There is a single function, `template.substitute` which is passed a template
string and an environment table.   This table may contain some special fields,
like `\_parent` which can be set to a table representing a 'fallback' environment
in case a symbol was not found. `\_brackets` is usually '()' and `\_escape` is
usually '#' but it's sometimes necessary to redefine these if the defaults
interfere with the target language - for instance, `$(V)` has another meaning in
Make, and `#` means a preprocessor line in C/C++.

Finally, if something goes wrong, passing `_debug` will cause the intermediate
Lua code to be dumped if there's a problem.

Here is a C code generation example; something that could easily be extended to
be a minimal Lua extension skeleton generator.

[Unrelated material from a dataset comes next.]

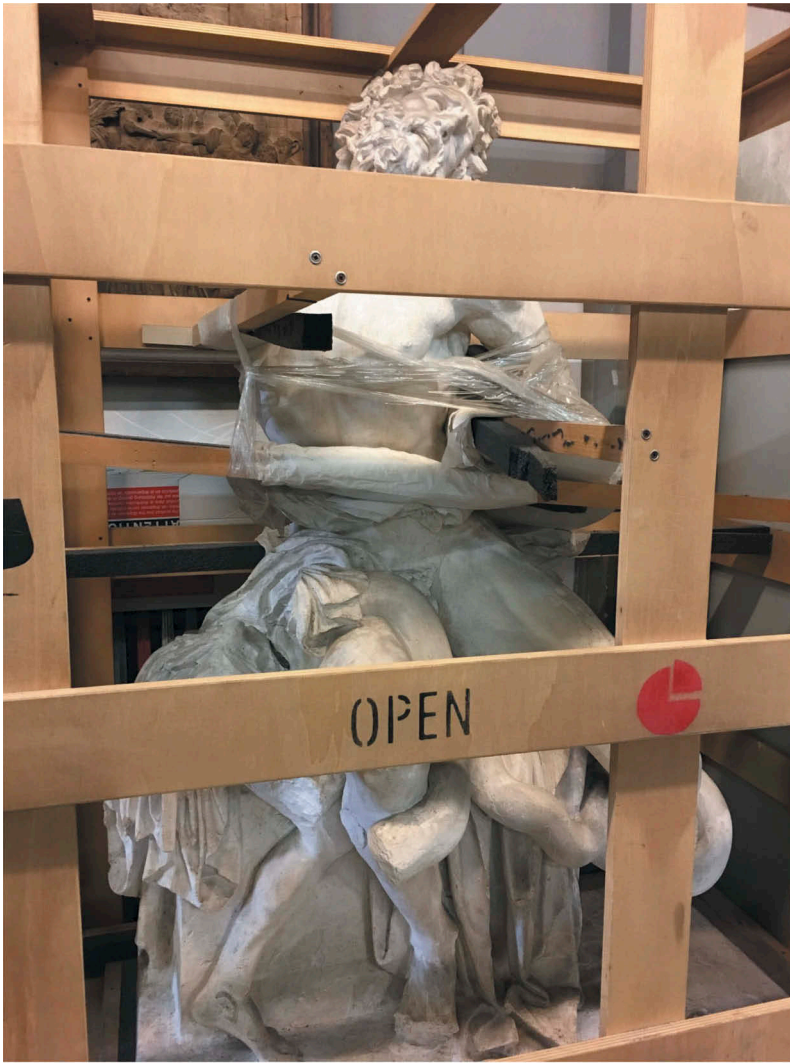
Figure 10. Laocöon plaster cast, n.d., Accademia di Brera, Milan.

arts' he titled it 'The New Laokoön' to turn again to the problem of disentangling text/image relations. 34 In this regard it is surely salient that, since the time of its Napoleonic presence in Paris, Laocöon became an emblem of political satire across Europe and America, text and image interwoven as bande dessinée to parody injustice, from ministerial wrangling to the strangling bureaucracy of the state (Figure 11). 35 When the leading art critic of the mid-twentieth century, Clement Greenberg, put the case for abstract expressionist painting in 1940, he wrote under the title of 'Towards a Newer Laocöon'. His text dismantled the word-image translation nexus in which the Plinian-Renaissance Laocöon was so fully wrapped, taking up again Lessing's call of medial 'purity' to end the 'confusion' of literature and art. Indeed, his call for painting was to abandon completely its claim to narrative illusion in the name of abstraction. 36 If the sculpture itself is nowhere to be found in Greenberg's text, yet the Laocöon title's lexical reference endured. Stripped of its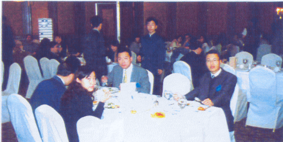
This meeting was well covered by the press as shown here in this photo of our members with the media in the background.

    local subst = require 'pl.template'.substitute

    local templ = [[
    #include <lua.h>
    #include <lauxlib.h>
    #include <lualib.h>

    > for _,f in ipairs(mod) do
    static int l_$(f.name) (lua_State *L) {

    }
    > end

    static const luaL_reg $(mod.name)[] = {
    > for _,f in ipairs(mod) do
        {"$(f.name)",l_$(f.name)},
    > end
        {NULL,NULL}
    };

    int luaopen_$(mod.name) {
       luaL_register (L, "$(mod.name)", $(mod.name));
        return 1;
    }
    ]]

    print(subst(templ,{
        _escape = '>',
        ipairs = ipairs,
        mod = {
            name = 'baggins';
            {name='frodo'},
            {name='bilbo'}
        }
    }))


### File-style I/O on Strings

`pl.stringio`  provides just three functions; `stringio.open` is passed a string,
and returns a file-like object for reading. It supports a `read` method, which
takes the same arguments as standard file objects:

    > f = stringio.open 'first line\n10 20 30\n'
    > = f:read()
    first line
    > = f:read('*n','*n','*n')
    10	20	30

`lines` and `seek` are also supported.

`stringio.lines` is a useful short-cut for iterating over all the lines in a
string.

`stringio.create` creates a writeable file-like object. You then use `write` to
this stream, and finally extract the builded string using `value`.  This 'string
builder' pattern is useful for efficiently creating large strings.